EXERCISE INSTRUCTIONS:
A word-for-word reproduction of the data below is needed, with no pictures in it.

INFORMATION PROVIDED:

+++

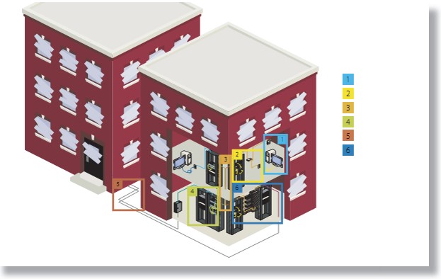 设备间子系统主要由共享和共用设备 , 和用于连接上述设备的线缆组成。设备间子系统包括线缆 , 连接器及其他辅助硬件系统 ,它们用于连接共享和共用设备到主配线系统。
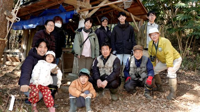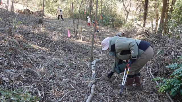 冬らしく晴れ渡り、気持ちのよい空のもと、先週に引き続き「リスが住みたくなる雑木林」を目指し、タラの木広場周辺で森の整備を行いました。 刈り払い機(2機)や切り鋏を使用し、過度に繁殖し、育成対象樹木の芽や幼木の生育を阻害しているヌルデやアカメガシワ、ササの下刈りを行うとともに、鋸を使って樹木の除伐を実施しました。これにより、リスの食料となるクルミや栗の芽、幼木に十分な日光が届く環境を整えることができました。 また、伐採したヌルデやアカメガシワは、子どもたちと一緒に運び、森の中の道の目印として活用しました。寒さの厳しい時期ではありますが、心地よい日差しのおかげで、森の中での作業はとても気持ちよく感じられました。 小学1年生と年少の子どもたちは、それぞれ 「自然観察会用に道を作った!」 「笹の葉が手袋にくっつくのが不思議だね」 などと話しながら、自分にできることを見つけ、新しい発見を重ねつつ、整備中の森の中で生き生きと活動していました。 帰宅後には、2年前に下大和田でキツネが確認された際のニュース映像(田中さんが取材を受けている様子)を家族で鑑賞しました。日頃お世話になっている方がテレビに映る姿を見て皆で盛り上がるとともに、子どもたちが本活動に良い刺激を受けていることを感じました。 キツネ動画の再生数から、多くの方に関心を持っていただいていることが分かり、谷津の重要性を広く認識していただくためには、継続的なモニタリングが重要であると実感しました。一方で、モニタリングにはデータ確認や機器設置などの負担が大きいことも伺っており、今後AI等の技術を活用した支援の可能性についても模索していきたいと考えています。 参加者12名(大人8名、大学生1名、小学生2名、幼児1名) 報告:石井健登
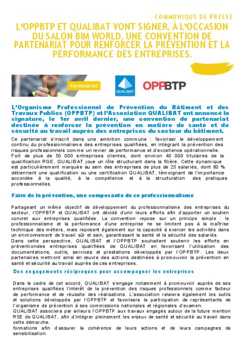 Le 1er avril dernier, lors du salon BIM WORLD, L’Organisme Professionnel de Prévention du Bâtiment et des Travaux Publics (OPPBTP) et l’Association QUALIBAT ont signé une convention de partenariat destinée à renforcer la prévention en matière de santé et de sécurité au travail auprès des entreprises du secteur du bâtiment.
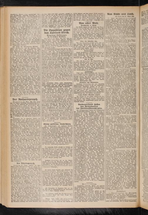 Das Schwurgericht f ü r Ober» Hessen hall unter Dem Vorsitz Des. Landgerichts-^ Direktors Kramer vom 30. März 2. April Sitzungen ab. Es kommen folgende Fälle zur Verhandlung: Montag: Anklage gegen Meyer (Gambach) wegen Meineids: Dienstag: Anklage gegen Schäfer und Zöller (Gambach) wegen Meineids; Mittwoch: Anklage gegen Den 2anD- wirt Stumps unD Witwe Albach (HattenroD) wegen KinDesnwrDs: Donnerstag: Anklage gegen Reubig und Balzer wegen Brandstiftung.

+++

OUTPUT OF THE EXERCISE:
 设备间子系统主要由共享和共用设备 , 和用于连接上述设备的线缆组成。设备间子系统包括线缆 , 连接器及其他辅助硬件系统 ,它们用于连接共享和共用设备到主配线系统。
 冬らしく晴れ渡り、気持ちのよい空のもと、先週に引き続き「リスが住みたくなる雑木林」を目指し、タラの木広場周辺で森の整備を行いました。 刈り払い機(2機)や切り鋏を使用し、過度に繁殖し、育成対象樹木の芽や幼木の生育を阻害しているヌルデやアカメガシワ、ササの下刈りを行うとともに、鋸を使って樹木の除伐を実施しました。これにより、リスの食料となるクルミや栗の芽、幼木に十分な日光が届く環境を整えることができました。 また、伐採したヌルデやアカメガシワは、子どもたちと一緒に運び、森の中の道の目印として活用しました。寒さの厳しい時期ではありますが、心地よい日差しのおかげで、森の中での作業はとても気持ちよく感じられました。 小学1年生と年少の子どもたちは、それぞれ 「自然観察会用に道を作った!」 「笹の葉が手袋にくっつくのが不思議だね」 などと話しながら、自分にできることを見つけ、新しい発見を重ねつつ、整備中の森の中で生き生きと活動していました。 帰宅後には、2年前に下大和田でキツネが確認された際のニュース映像(田中さんが取材を受けている様子)を家族で鑑賞しました。日頃お世話になっている方がテレビに映る姿を見て皆で盛り上がるとともに、子どもたちが本活動に良い刺激を受けていることを感じました。 キツネ動画の再生数から、多くの方に関心を持っていただいていることが分かり、谷津の重要性を広く認識していただくためには、継続的なモニタリングが重要であると実感しました。一方で、モニタリングにはデータ確認や機器設置などの負担が大きいことも伺っており、今後AI等の技術を活用した支援の可能性についても模索していきたいと考えています。 参加者12名(大人8名、大学生1名、小学生2名、幼児1名) 報告:石井健登
 Le 1er avril dernier, lors du salon BIM WORLD, L’Organisme Professionnel de Prévention du Bâtiment et des Travaux Publics (OPPBTP) et l’Association QUALIBAT ont signé une convention de partenariat destinée à renforcer la prévention en matière de santé et de sécurité au travail auprès des entreprises du secteur du bâtiment.
 Das Schwurgericht f ü r Ober» Hessen hall unter Dem Vorsitz Des. Landgerichts-^ Direktors Kramer vom 30. März 2. April Sitzungen ab. Es kommen folgende Fälle zur Verhandlung: Montag: Anklage gegen Meyer (Gambach) wegen Meineids: Dienstag: Anklage gegen Schäfer und Zöller (Gambach) wegen Meineids; Mittwoch: Anklage gegen Den 2anD- wirt Stumps unD Witwe Albach (HattenroD) wegen KinDesnwrDs: Donnerstag: Anklage gegen Reubig und Balzer wegen Brandstiftung.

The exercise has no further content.